Thank goodness for solid state electronics.
ping
Double steering wheels. they must have envisioned some cool games for the future
Thanks Meek. It's amazing how technology changes.
It had a riding mouse. One scientist was on the mouse and the other was watching the screen giving hand signals trying to position the cursor.
LOL! Thanks for the post.
Ya think?
Sometimes I yearn for the simplicity and pureness of my old Commodore 64.
That giant, chrome, cargo ship steering wheel is the only thing I wish I had on this computer. OK, a couple dozen of them dials to indicate stuff would be cool too.
For a moment you had me fooled too, until I read Snopes' article.
Not too far off actually. Back in the 60s I cut my teeth on IBM's 360/20 - 3 1/2 feet high, eight feet long, blinking lights (mandatory) and, GASP!, 16K of memory.

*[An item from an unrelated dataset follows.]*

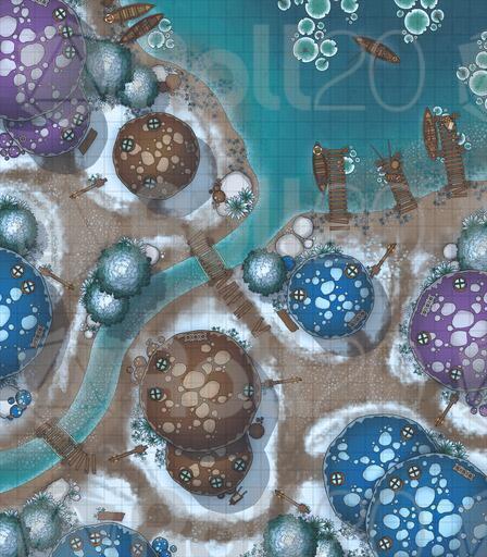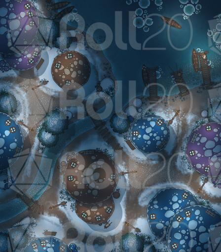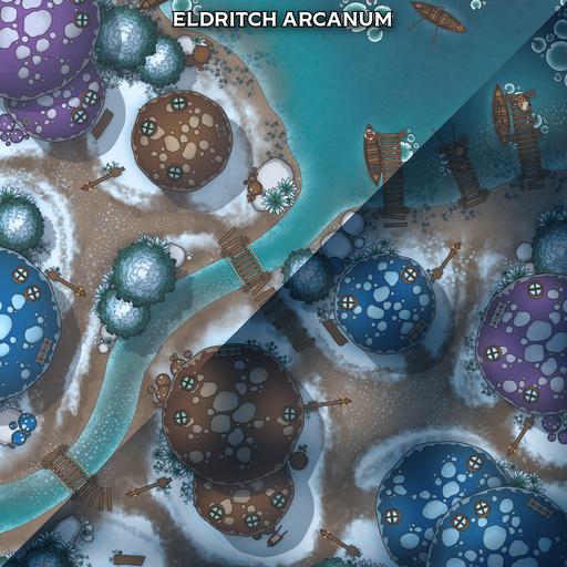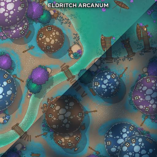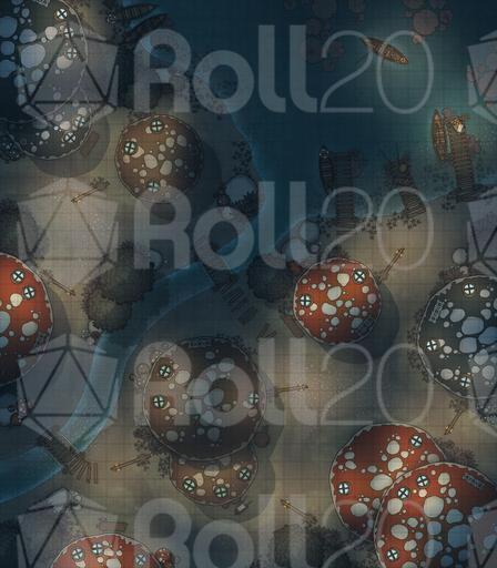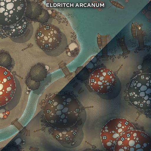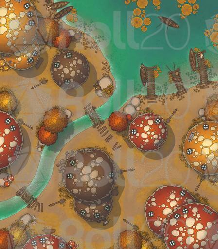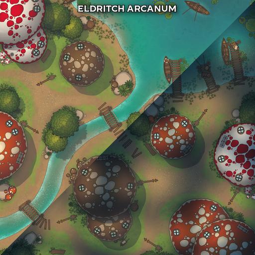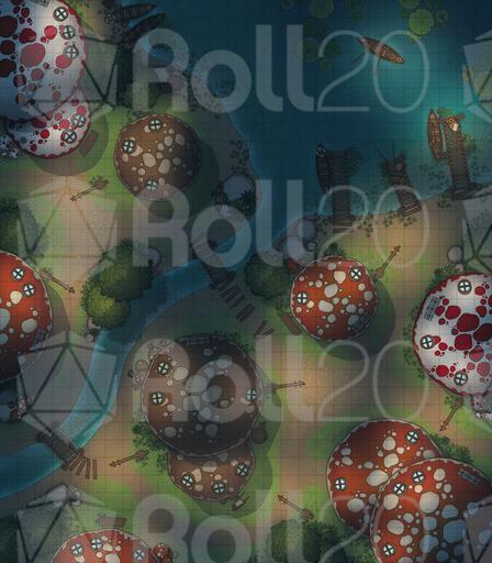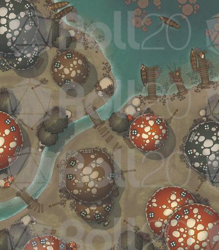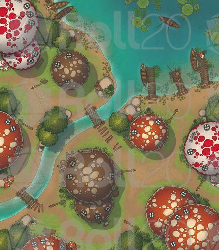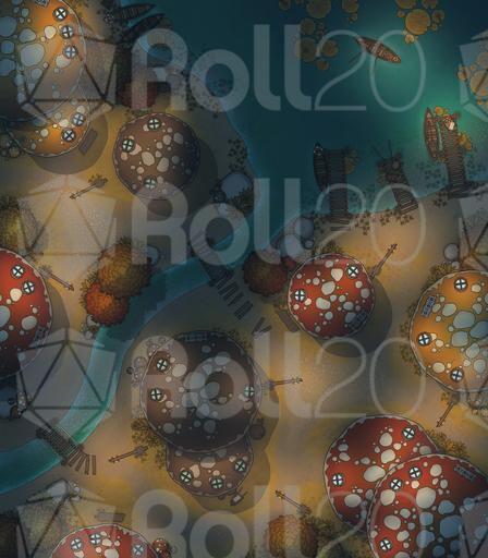 A vibrant settlement battlemap pack focused on the Mushroom Village, perfect for whimsical roleplay, fey-troubled errands, unusual local customs, and conflicts among the lantern-lit caps.
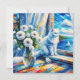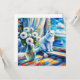 Imagem de um gato branco olhando pela janela em um veleiro no oceano. Na frente do gato está um vaso de vidro de flores brancas. Isto é feito no estilo de pintura a óleo. Arte costeira bonito para casa de praia ou para lhe dar aquela sensação de brisa oceânica.

We wrote in RPG then and used a card compiler. When you wrote a program that exceeded memory, it just printed "Program too big" and kept on blinking. When a new compiler told us how big our programs were it was considered a breakthrough, as was the fantastic 7 1/2 meg disk drives that were a foot wide and almost as high - looked like giant cakes under glass.
Then we went to eight INCH floppy disks that held 2,000 (count them) characters and we thought we could rule the world with that advancement.
So, while the pic is a hoax, it could well have been, given the thinking of the time.
One interesting watershed for me was how we were hounded to desk check our code for errors as time on the computer was so expensive. Then one day years later when I was hassled about it I pointed out that the compters had speeded up so much it cost more for the human to check for errors than the computer.
Oh yeah, when companies first got their computers they put them in a giant room surrounded by glass so everyone could see their latest marvel. Then the Weathermen started blowing things up and the computers went behind walls with controlled entry doors.